Reactions: Agree 1 | Funny 4


----------



## JR Custom Calls (Jan 4, 2016)

I think @DKMD uses one at work...

Reactions: Funny 4


----------



## scrimman (Jan 4, 2016)

I tried one, but I found that a good 'ole fashioned full size gouge with a carvers mallet worked better....more control on both cutting direction and power. IMHO I'd skip it.

Reactions: Like 2


----------



## Fsyxxx (Jan 4, 2016)

I looked into the pretty heavily, the problem is they spin way too fast. If you look at the specs for most burrs they top out at way less than the air tools turn. About the only thing you can use are diamond tips or very small cutters. The thing to remember is that the bigger the circumference of the tip the faster it spins in relation to the center. Doesn't take long to be so fast as to be unuseable. Bin Pho uses them but it's for piercing very thin forms, not carving. I bought a micro motor tool, it's easier to control than my foredom but still really useable. I bought this one : http://www.treelineusa.com/new-portable-micro-motor.html and I recommend it. Still on special! Mines awesome, love that I can take wherever because of the battery.

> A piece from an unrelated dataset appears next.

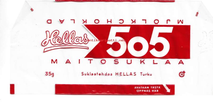 Hellas 505 Maitosuklaa - suklaakääre makeiskääre, makeiskääre 9x20 cm vuodelta 1955 / Oy Hellas Ab oli suomalainen makeisalan yritys, Turussa. Hellaksen

Reactions: Thank You! 1 | Informative 1


----------



## Nature Man (Jan 5, 2016)

Fsyxxx said:


> I looked into the pretty heavily, the problem is they spin way too fast. If you look at the specs for most burrs they top out at way less than the air tools turn. About the only thing you can use are diamond tips or very small cutters. The thing to remember is that the bigger the circumference of the tip the faster it spins in relation to the center. Doesn't take long to be so fast as to be unuseable. Bin Pho uses them but it's for piercing very thin forms, not carving. I bought a micro motor tool, it's easier to control than my foredom but still really useable. I bought this one : http://www.treelineusa.com/new-portable-micro-motor.html and I recommend it. Still on special! Mines awesome, love that I can take wherever because of the battery.


Appreciate the link to this company. Some equipment/supplies I've not seen elsewhere. Chuck


----------



## HomeBody (Jan 5, 2016)

I use a Dremel...rotary. With 1/16" carbide burs from Turbocarver.com I can carve small stuff with lots of detail. 

I also have an older pneumatic machine I'd like to sell. About $1200 new. Can you use it? Make me an offer. It's a GRS Gravermeister. Compressor, handpiece, foot feed. Came with wood carving tools. Here's a pic of one off the net. Mine is all packed away.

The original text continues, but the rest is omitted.